_Your assignment_
Go through the records and report each line holding the string "sure".

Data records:
--- START ---
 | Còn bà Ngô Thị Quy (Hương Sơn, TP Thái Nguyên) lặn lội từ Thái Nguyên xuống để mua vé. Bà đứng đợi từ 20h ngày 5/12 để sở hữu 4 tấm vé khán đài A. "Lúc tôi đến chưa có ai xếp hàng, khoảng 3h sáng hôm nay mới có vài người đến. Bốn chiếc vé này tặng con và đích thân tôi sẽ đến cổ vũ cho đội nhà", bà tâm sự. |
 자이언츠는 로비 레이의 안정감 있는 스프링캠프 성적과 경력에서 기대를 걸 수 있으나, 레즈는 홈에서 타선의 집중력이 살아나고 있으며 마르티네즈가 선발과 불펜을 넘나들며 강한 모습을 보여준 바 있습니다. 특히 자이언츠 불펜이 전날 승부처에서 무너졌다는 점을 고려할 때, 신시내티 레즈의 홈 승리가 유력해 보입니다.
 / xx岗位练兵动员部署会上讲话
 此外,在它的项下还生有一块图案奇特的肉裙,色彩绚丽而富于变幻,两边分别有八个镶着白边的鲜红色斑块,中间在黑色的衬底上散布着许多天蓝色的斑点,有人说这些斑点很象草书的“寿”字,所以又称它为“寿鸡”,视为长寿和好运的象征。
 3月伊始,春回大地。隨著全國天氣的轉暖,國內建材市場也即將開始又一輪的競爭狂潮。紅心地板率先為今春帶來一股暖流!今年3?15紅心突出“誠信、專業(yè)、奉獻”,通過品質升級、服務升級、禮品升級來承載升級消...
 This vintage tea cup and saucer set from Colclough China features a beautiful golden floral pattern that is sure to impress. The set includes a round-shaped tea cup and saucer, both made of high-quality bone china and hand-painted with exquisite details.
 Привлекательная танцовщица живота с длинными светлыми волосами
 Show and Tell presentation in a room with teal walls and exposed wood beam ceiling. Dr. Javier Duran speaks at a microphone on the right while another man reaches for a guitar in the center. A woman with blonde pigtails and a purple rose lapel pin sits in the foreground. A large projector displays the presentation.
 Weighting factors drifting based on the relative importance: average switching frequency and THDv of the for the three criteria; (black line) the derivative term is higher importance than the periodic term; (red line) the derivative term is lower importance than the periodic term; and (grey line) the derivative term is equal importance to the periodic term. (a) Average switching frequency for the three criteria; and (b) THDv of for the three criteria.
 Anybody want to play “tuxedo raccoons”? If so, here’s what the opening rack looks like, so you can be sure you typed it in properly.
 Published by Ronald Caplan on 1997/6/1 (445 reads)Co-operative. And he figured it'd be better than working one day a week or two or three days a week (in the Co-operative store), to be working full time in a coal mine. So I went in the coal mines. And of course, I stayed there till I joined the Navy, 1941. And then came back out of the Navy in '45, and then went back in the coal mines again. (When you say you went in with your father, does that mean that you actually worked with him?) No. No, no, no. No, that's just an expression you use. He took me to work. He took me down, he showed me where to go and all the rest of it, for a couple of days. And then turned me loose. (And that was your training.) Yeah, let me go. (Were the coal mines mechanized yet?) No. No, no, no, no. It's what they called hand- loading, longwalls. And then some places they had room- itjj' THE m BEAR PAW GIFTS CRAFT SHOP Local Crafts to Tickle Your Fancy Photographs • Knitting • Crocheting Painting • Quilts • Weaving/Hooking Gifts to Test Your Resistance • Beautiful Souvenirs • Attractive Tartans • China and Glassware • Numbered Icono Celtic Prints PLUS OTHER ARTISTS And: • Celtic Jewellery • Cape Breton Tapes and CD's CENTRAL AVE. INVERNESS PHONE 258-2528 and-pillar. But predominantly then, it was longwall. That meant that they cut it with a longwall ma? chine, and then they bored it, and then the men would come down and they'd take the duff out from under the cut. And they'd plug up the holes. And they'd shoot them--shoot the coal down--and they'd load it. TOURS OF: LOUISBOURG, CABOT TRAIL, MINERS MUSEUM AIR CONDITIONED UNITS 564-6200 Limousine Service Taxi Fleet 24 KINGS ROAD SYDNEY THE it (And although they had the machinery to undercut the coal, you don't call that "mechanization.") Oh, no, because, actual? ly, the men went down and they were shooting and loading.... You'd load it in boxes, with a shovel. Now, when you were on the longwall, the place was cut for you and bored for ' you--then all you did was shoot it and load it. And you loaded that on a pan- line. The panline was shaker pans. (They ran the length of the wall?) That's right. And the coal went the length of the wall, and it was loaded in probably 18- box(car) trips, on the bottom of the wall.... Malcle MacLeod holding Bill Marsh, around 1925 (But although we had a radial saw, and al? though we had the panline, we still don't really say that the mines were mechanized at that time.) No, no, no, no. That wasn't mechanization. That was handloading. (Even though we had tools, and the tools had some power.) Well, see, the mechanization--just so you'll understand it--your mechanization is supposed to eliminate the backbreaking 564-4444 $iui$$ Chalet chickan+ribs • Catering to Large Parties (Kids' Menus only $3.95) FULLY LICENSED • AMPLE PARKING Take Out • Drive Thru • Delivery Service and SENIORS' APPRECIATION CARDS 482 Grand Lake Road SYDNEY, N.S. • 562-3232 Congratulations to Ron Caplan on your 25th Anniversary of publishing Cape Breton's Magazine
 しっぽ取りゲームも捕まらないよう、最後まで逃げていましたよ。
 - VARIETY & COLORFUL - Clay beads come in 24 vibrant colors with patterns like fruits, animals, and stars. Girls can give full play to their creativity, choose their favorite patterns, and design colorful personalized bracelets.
--- END ---
_Solved problem_
 This vintage tea cup and saucer set from Colclough China features a beautiful golden floral pattern that is sure to impress. The set includes a round-shaped tea cup and saucer, both made of high-quality bone china and hand-painted with exquisite details.
 Anybody want to play “tuxedo raccoons”? If so, here’s what the opening rack looks like, so you can be sure you typed it in properly.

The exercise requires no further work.